I think it is largely self explanatory but here are some notes. The dt = t//10 + 1 thing is about decreasing our time resolution the further out from the current time step. This increases the time horizon without the extra computation cost. Intuitively modeling accuracy further out in time should matter less. The last_solution stuff is for in case the optimization solver fails for whatever reason, in which case it’ll follow open-loop the last trajectory it got.

Bits and Bobbles

  • We changed the dynamics slightly from the python original to make it easier to model. We found this did not change the feel of the game. The old dynamics were piecewise affine though, so are also modelable using mixed integer programming. . Generally check out the papers coming out of the Tedrake group. They are sweet. Total fanboy over here.
  • The controller as is is not perfect. It fails eventually, and it probably shouldn’t. A bug? Numerical problems? Bad modeling of the pipe collision? A run tends to get through about a hundred pipes before something gets goofy.
  • Since we had access to the source code, we could mimic the dynamics very well. How robust is flappy bird to noise and bad modeling? We could add wind, or inaccurate pipe data.
  • Unions of Convex Region. Giving the flappy bird some x position control would change the nature of the problem. We could easily cut up the allowable regions of the bird into rectangles, and represent the total space as a union of convex regions, which is also MIP representable.
  • Verification – The finite difference scheme used is crude. It is conceivable for the bird to clip a pipe. Since basically we know the closed form of the trajectories, we could verify that the parabolas do not intersect the regions. For funzies, maybe use sum of squares optimization?

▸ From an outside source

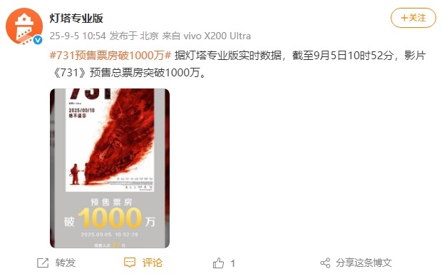 据数据显示,电影《731》目前的“猫眼想看数”已经突破430万,暂列近期“猫眼想看榜”第一。
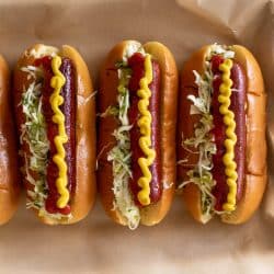 Okay, so this isnβt actually about the hot dog. But I always love one really good hot dog in the summer. It just TASTES like summer, you know? Toasty brioche bun, maybe a mix of ketchup and mustard and even a drizzle of relish.

  • Realtime MIP. Our solver isn’t quite realtime. Maybe half real time. One might pursue methods to make the mixed integer program faster. This might involve custom branching heuristics, or early stopping. If one can get the solver fast enough, you might run the solver in parallel and only query a new path plan every so often.
  • 3d flappy bird? Let the bird rotate? What about a platformer (Mario) or lunar lander? All are pretty interesting piecewise affine systems.
  • Is this the best way to do this? Yes and no. Other ways to do this might involve doing some machine learning, or hardcoding a controller that monitors the pipe locations and has some simple feedback. You can find some among the forks of FlapPyBird. I have no doubt that you could write these quickly, fiddle with them and get them to work better and faster than this MIP controller. However, for me there is a difference between could work and should work. You can come up with a thousand bizarre schemes that could work. RL algorithms fall in this camp. But I have every reason to believe the MIP controller should work, which makes it easier to troubleshoot.